The equation is y= 2/(x+2) -4
Make y=o, Then move over the -4.
4= 2/(x+2)
Cross multiply the 4 and (x+2)
That will be 4x+8=2
4x=-6
x=-6/4
x= -3/2
Title: Re: Halils Help Thread for Specialist
Post by: jasoN- on February 10, 2011, 07:09:39 pm: $\frac{(x-a)^2}{b} - \frac{(y-c)^2}{d} = 1$ where a, b, c, d are all constants
$\frac{(x-a)^2}{b} - \frac{(y-c)^2}{d} = 1$
x-int, y=0:
$\frac{(x-a)^2}{b} - \frac{(0-c)^2}{d} = 1$
$\frac{(x-a)^2}{b} - \frac{c^2}{d} = 1$
$\frac{(x-a)^2}{b} = 1 + \frac{c^2}{d}$
$\therefore x = \pm \sqrt{b(1+\frac{c^2}{d}}) + a$
Title: Re: Halils Help Thread for Specialist
Post by: Halil on February 10, 2011, 07:15:08 pm: Onur, read my question brother. You need two x intercepts, your solution which i already explained gives you 1 intercept.

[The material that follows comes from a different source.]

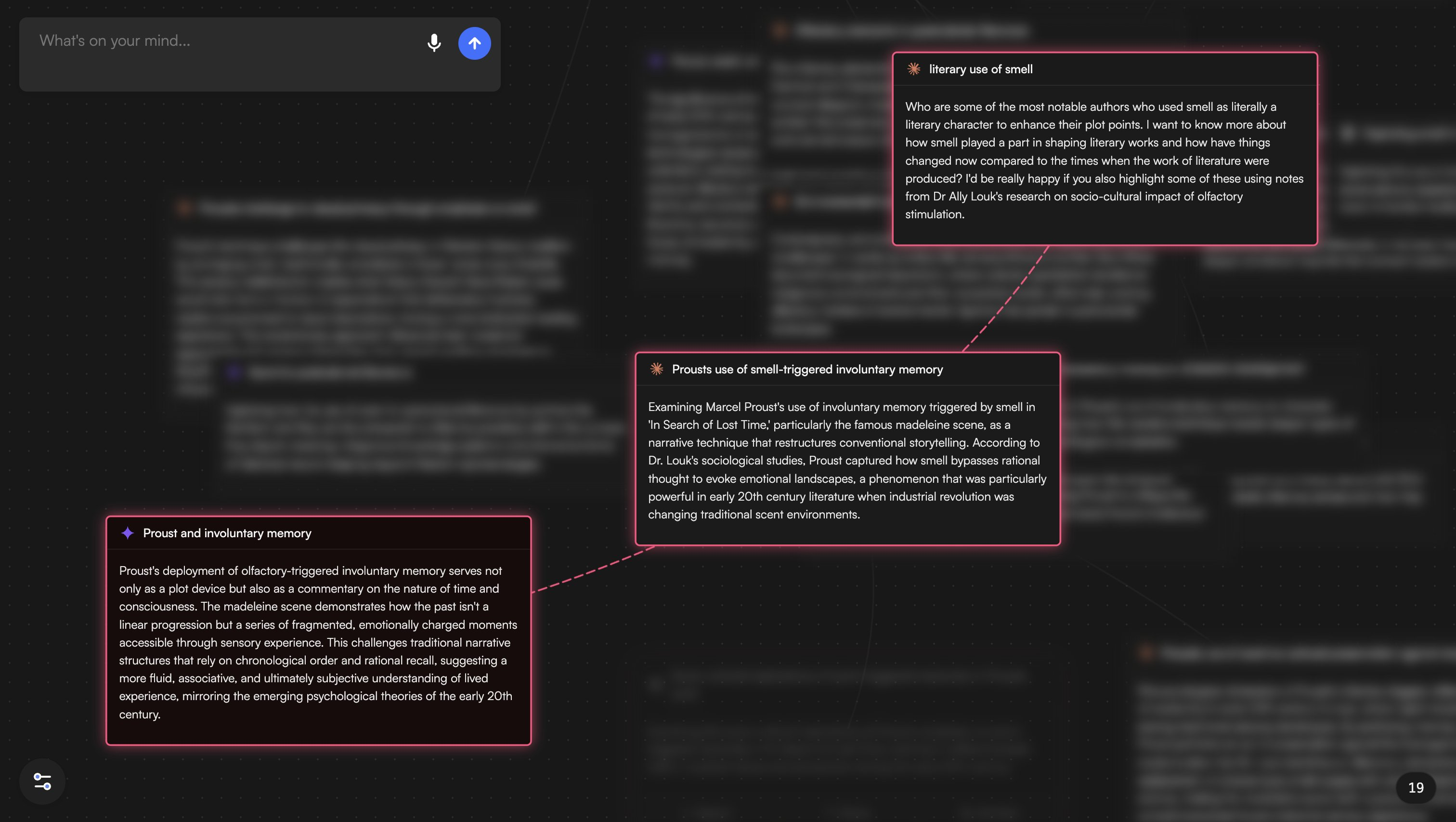 After ChatGPT came out, technology circles erupted with the debate on whether a chat is the best interface to become the anvil of shaping the thoughts of an LLM. Part of the discourse was because chat is sort of a power steering for structuring indeterministic outs, and part was whether is a correct representation on how we explore our thoughts. As humans, we don’t think in a linear fashion, we go in different directions and then we go off in some more branches until probably some of the branches interwine and converge back with the main root, creating the seemingly perfect thought that makes things condense to a circle.

Thanks for the help Jason, i think its right
Title: Re: Halils Help Thread for Specialist
Post by: onur369 on February 10, 2011, 07:15:39 pm: Just realized... >.<
Title: Re: Halils Help Thread for Specialist
Post by: Halil on February 10, 2011, 07:24:43 pm: Actually, Jason, that formula aint working buddy.
Title: Re: Halils Help Thread for Specialist
Post by: pi on February 10, 2011, 08:36:09 pm: Don't use formulas for asymptotes and intercepts... Understand how they come about in the first place (limits, zeroes, stc.). That way you'll be able to tackle harder/'out-of-the-box' questions come exam time.
Title: Re: Halils Help Thread for Specialist
Post by: Halil on February 15, 2011, 06:31:13 pm: Question is:

Find the exact value of the following

$csc(((5*π)/(12)))$

I turned it into 1/sin(5pie/12)

then used $(π/6 + π/4)$

In the end i got

$((1)/(((√(6)+√(2))/(4))))$

which also equals to:

$((4)/((√(6)+√(2))))$

However, answer is just $(√(6)-√(2)$

How? What did I do wrong?
Title: Re: Halils Help Thread for Specialist
Post by: Halil on February 15, 2011, 06:32:38 pm: Sorry i dont know why it came out like that, the &#8730 ones means square root and the 960 ones are pie
Title: Re: Halils Help Thread for Specialist
Post by: Halil on February 15, 2011, 06:43:07 pm: Exactly same problem and and answer for sec (pie/12)
Title: Re: Halils Help Thread for Specialist
Post by: pi on February 15, 2011, 06:43:40 pm: Fixed it for you.

For next time:
π or pie (no) or pi = \pi
√ = \sqrt{...}
For fractions = \frac{...}{...}

Quote from: Halil on February 15, 2011, 06:31:13 pm
Question is:

Find the exact value of the following

$csc(\frac{5\pi}{12})$

I turned it into $\frac{1}{sin(\frac{5\pi}{12})}$

then used $(\frac{\pi}{6} + \frac{\pi}{4})$

In the end i got

$\frac{1}{\sqrt{6}} + \frac{\sqrt{2}}{4}}$

which also equals to:

$\frac{4}{\sqrt{6}+\sqrt{2}}$

However, answer is just $\sqrt{6}-\sqrt{2}$

How? What did I do wrong?

Quote from: Halil on February 15, 2011, 06:43:07 pm
Exactly same problem and and answer for sec (pie/12)

Its 'pi'...
Title: Re: Halils Help Thread for Specialist
Post by: pHysiX on February 16, 2011, 02:34:15 pm: Hint: rationalise $\frac{4}{\sqrt{6}+\sqrt{2}}$ and you shall have your answer. Remember, to be mathematically elegant, we never want surds in the denominator.